**What is needed**
Leaving all pictures aside, copy exactly the lines from the start of the listing below through the line that contains "道中の観光客用の食事施設で昼", and only those lines.

**Recorded data**

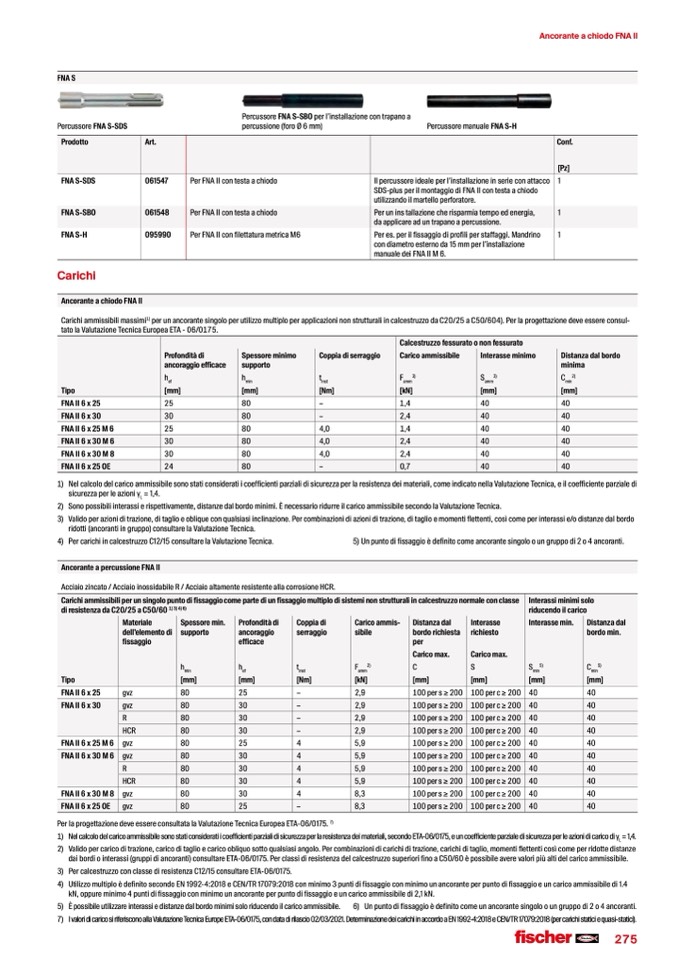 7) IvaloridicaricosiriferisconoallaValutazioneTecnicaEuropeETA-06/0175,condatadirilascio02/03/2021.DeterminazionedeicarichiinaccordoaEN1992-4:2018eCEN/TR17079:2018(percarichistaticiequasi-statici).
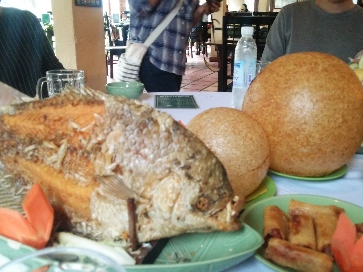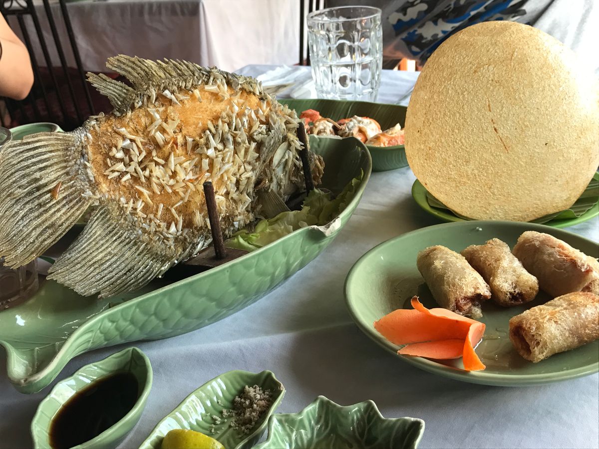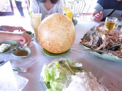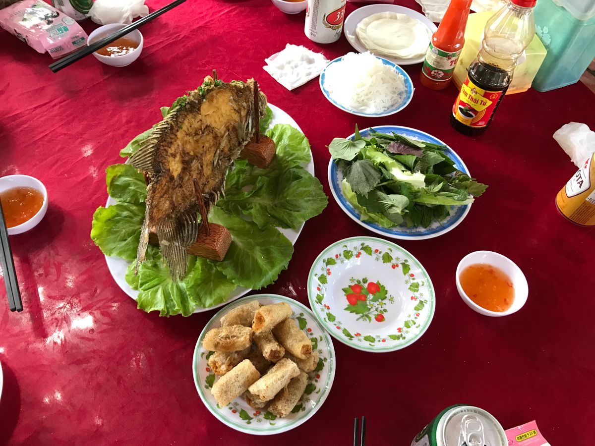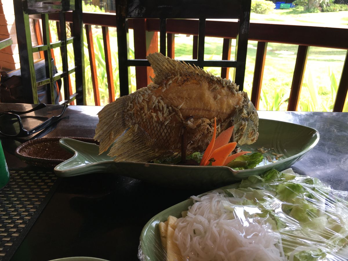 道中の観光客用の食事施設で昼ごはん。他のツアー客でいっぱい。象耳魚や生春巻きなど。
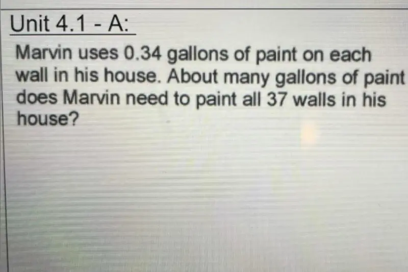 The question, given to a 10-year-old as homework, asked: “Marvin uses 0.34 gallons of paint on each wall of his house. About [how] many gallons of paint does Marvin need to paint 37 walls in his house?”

**Result of this task**
 7) IvaloridicaricosiriferisconoallaValutazioneTecnicaEuropeETA-06/0175,condatadirilascio02/03/2021.DeterminazionedeicarichiinaccordoaEN1992-4:2018eCEN/TR17079:2018(percarichistaticiequasi-statici).
 道中の観光客用の食事施設で昼ごはん。他のツアー客でいっぱい。象耳魚や生春巻きなど。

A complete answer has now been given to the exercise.